Talvez a 12ª carta do Tarô – o Enforcado – seja a que mais luz venha lançar à nossa questão. Nela um homem jovem é suspenso por um pé em patíbulo verde-escuro, sustentado por duas árvores amarelas. O Enforcado tem as mãos nas costas à altura da cintura e sua perna esquerda está dobrada por trás da outra à altura do joelho. Segundo Chevalier & Gheerbrant (Ibid.), ‘O Enforcado’ ou ‘O Sacrifício’ ou ‘A Vítima’ – representa a expiração sofrida ou voluntária, a renúncia; o pagamento de dívidas, a punição, o ódio da multidão e a traição; a escravidão psíquica e o despertar libertador, as correntes de todas as espécies, os pensamentos culposos, os remorsos, o desejo de se liberar de um jugo; o ato de se desinteressar, o esquecimento de si mesmo, o apostolado, a filantropia, as boas resoluções não executadas, as promessas não cumpridas, o amor não compartilhado.
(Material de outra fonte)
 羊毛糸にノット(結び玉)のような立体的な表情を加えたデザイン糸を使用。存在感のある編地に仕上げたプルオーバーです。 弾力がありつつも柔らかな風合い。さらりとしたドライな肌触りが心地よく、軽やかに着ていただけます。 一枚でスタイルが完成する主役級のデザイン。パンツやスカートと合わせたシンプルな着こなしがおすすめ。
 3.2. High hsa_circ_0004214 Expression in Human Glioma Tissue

À primeira vista, essa carta é a da derrota e da impotência total. Entretanto, os braços e as pernas do Enforcado desenham uma espécie de cruz sobre um triângulo, signo alquímico da realização da grande Obra. É preciso ir além das aparências. Esse Enforcado não é vítima, antes de tudo, de uma servidão mágica? Observando mais atentamente, notamos que a corda não passa em torno de seu pé, sendo possível questionar como é que ela o sustenta. Na realidade, o Enforcado simboliza aqui toda pessoa que, absorvida por uma paixão, sujeita de corpo e alma à tirania de uma ideia ou de um sentimento, não tem consciência de sua escravidão. Mas o símbolo do Enforcado desemboca ainda em outro plano. Sua aparente inatividade, sua posição indicam uma submissão absoluta que promete e assegura um maior poder oculto ou espiritual: a regenerescência ctoniana. O Enforcado renunciou à exaltação de suas próprias energias, ele se afasta para melhor receber as influências cósmicas.
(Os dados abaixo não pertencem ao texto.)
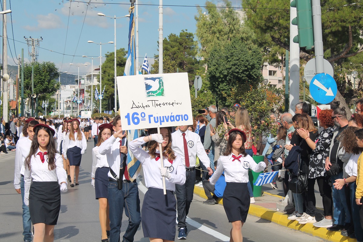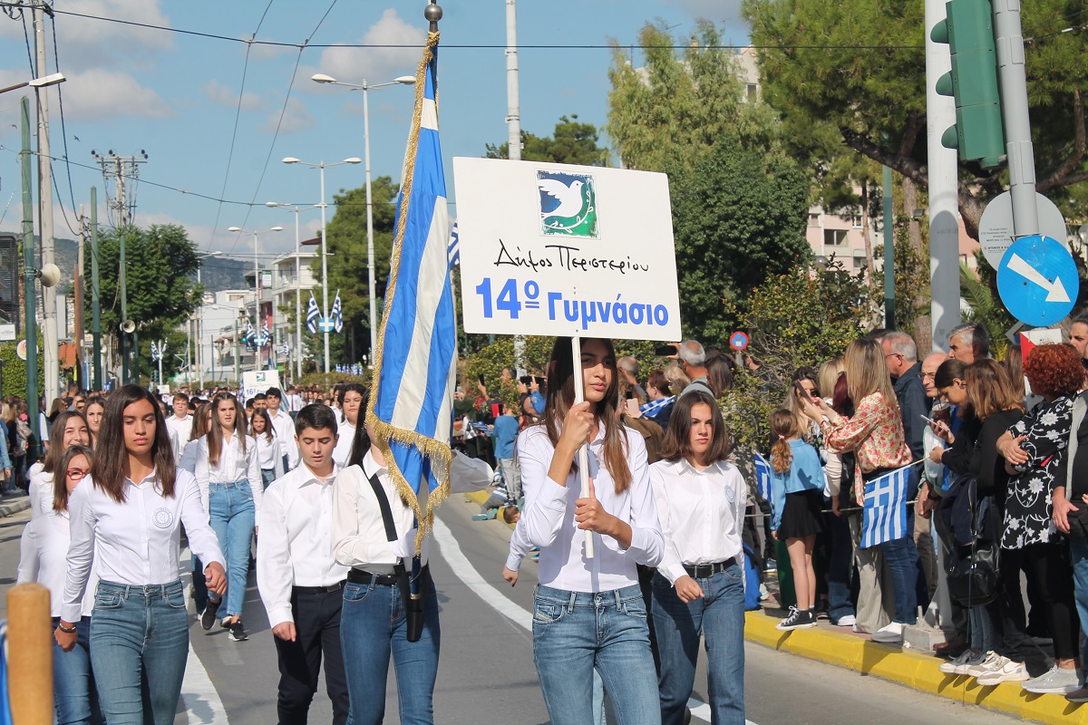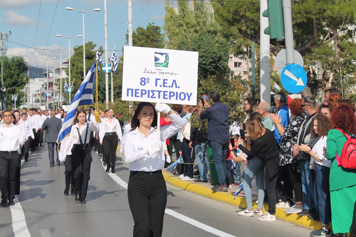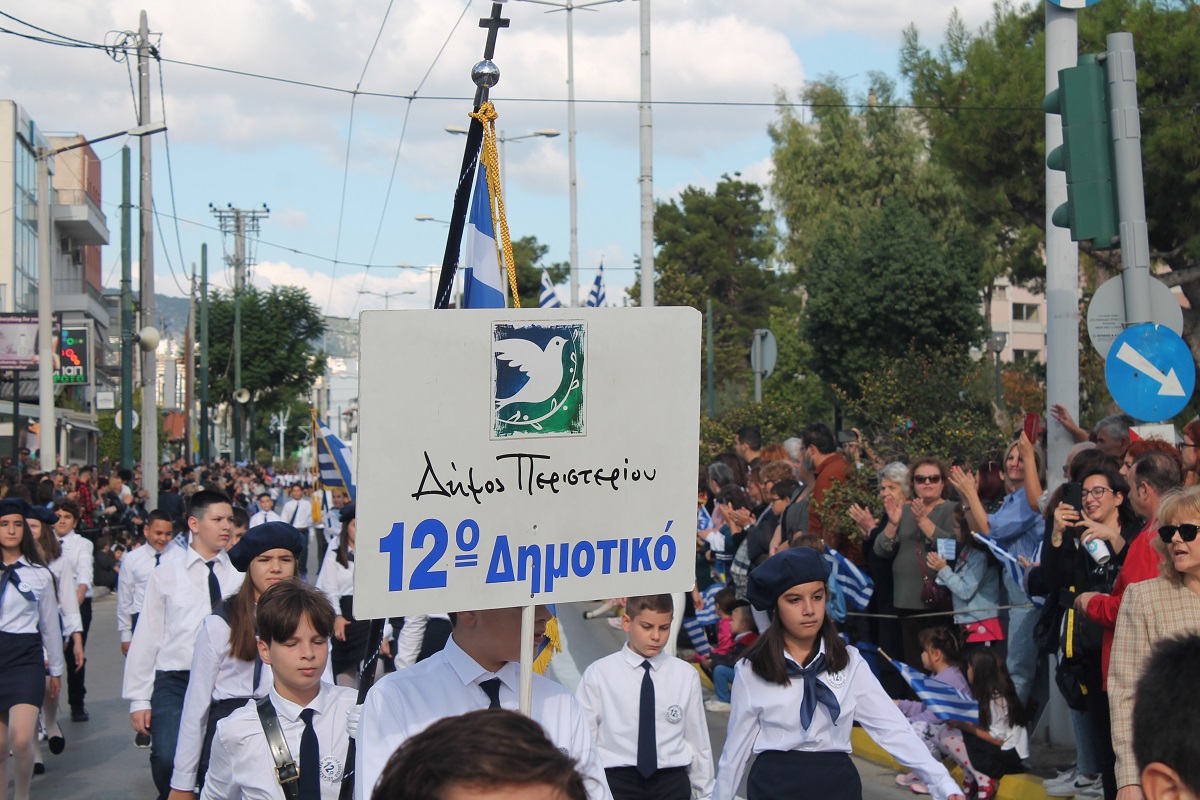 Με τη συμμετοχή εκατοντάδων παιδιών από σχολεία, συλλόγους και φορείς του Περιστερίου πραγματοποιήθηκε το πρωί η επετειακή παρέλαση της 28ης Οκτωβρίου.

O Enforcado marca bem o final de um ciclo, o homem se invertendo para enfiar a cabeça na terra, poder-se-ia dizer, para restituir o seu ser pensante à terra da qual foi moldado. Essa restituição, contudo, é a condição de sua regeneração.

Partimos, pois, de uma singela ação para chegar aos intrincados meandros dos mistérios e das influências cósmicas.

Tudo que sabemos e que está ao alcance de nossa visão ainda é muito estreito face aos desígnios universais. Ter um filho, plantar uma árvore, escrever um livro, são tarefas introdutórias de quem ainda está na infância da vida. Ter a dimensão do que nos aguarda seria talvez por demais aterrador para nossas consciências medianas.

Vamos então dar um passo de cada vez e viver a experiência no nível e plano em que nos encontramos. Se esforçar para tirar uma boa nota na escola, no entanto, é nossa obrigação.

Para finalizar, não vamos nos esquecer que o amor e os cuidados que dedicamos a um ser vivo para que ele cresça e atinja a sua plenitude faz parte do nosso ato de doação - um exercício de desprendimento, portanto - e já serviram aos fins da criação por si mesmos. Chegar à pujança completa já é um grande feito. Muitos não chegam a isto.

Resta a cada um de nós, ao fim e ao cabo, encarar a coexistência da vida e da morte um fato natural e aspecto fundamental no ambiente em que vivemos e que, ‘por acaso’, nos esquecemos.

Referências

  • Chevalier, J. & Gheerbrant, A. - Dicionário de símbolos. Rio de Janeiro, José Olympio Editora, 1996.

  • Kardec, A. - O Livro dos Espíritos. 91. Ed. Rio de Janeiro, Federação Espírita Brasileira, 2007.